What you will do:
Everything in the listing should be set down exactly, apart from the pictures.

Recorded information:
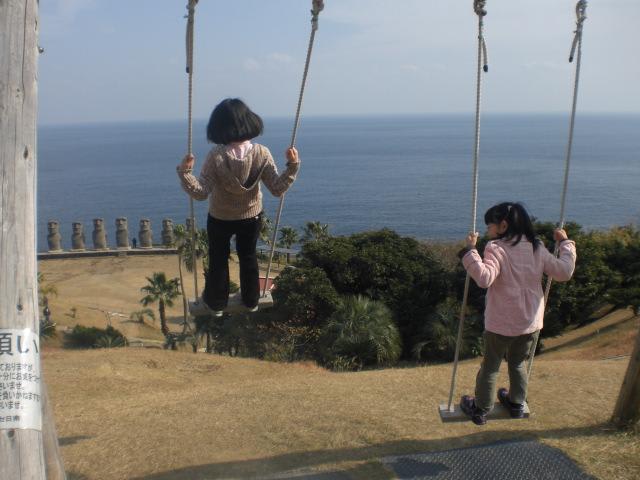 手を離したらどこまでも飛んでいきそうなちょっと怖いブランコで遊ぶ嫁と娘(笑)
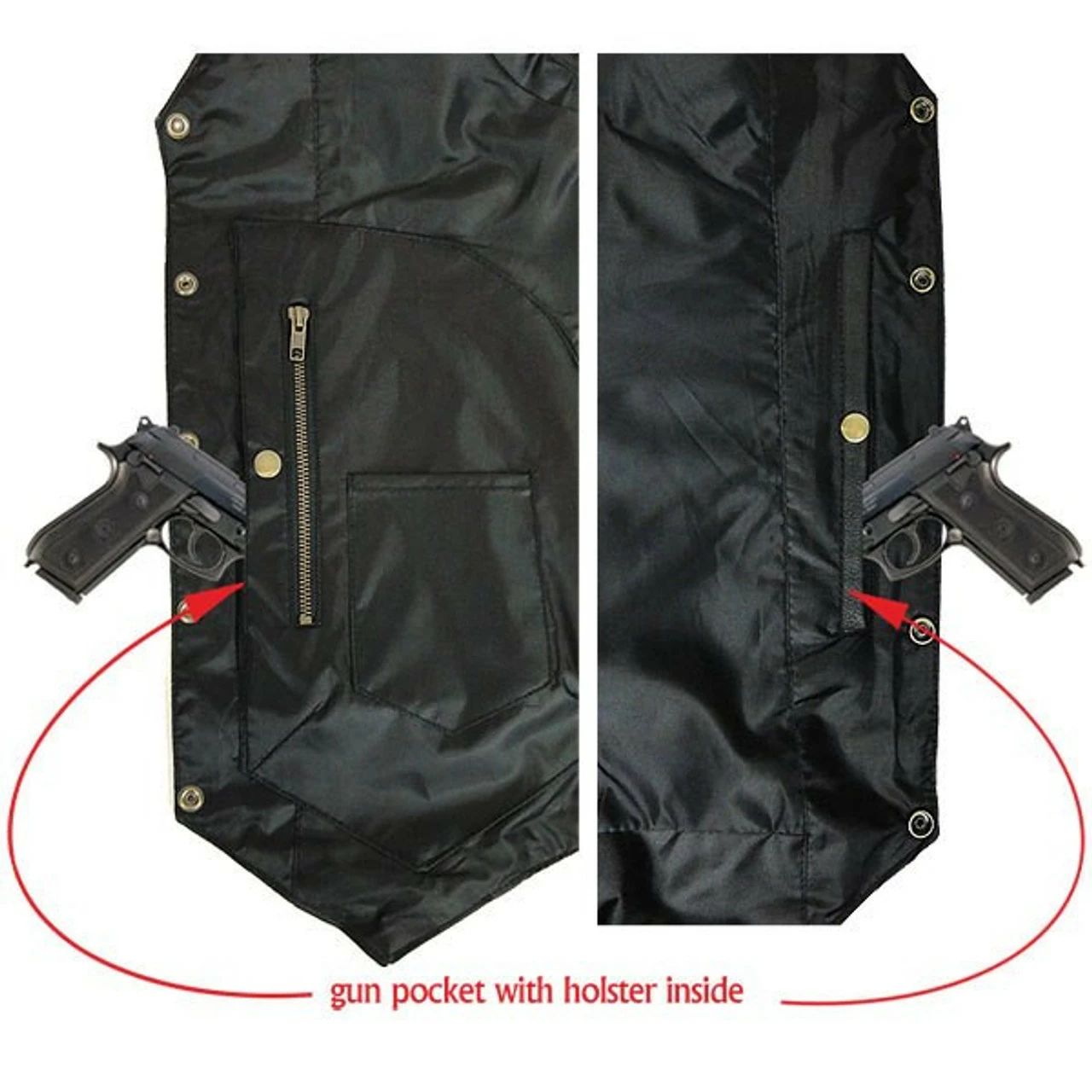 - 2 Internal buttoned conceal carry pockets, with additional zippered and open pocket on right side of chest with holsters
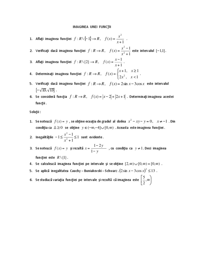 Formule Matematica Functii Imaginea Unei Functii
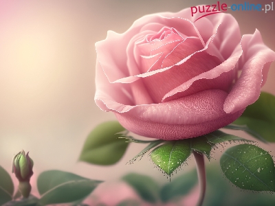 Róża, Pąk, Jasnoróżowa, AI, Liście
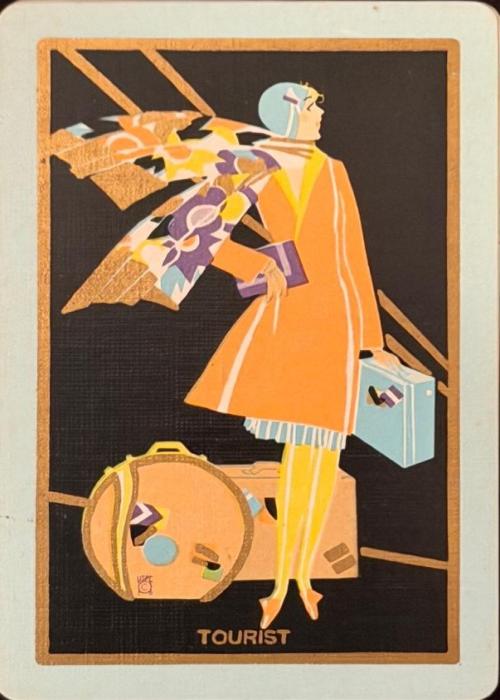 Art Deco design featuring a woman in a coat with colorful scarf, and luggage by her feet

Task result:
 手を離したらどこまでも飛んでいきそうなちょっと怖いブランコで遊ぶ嫁と娘(笑)
 - 2 Internal buttoned conceal carry pockets, with additional zippered and open pocket on right side of chest with holsters
 Formule Matematica Functii Imaginea Unei Functii
 Róża, Pąk, Jasnoróżowa, AI, Liście
 Art Deco design featuring a woman in a coat with colorful scarf, and luggage by her feet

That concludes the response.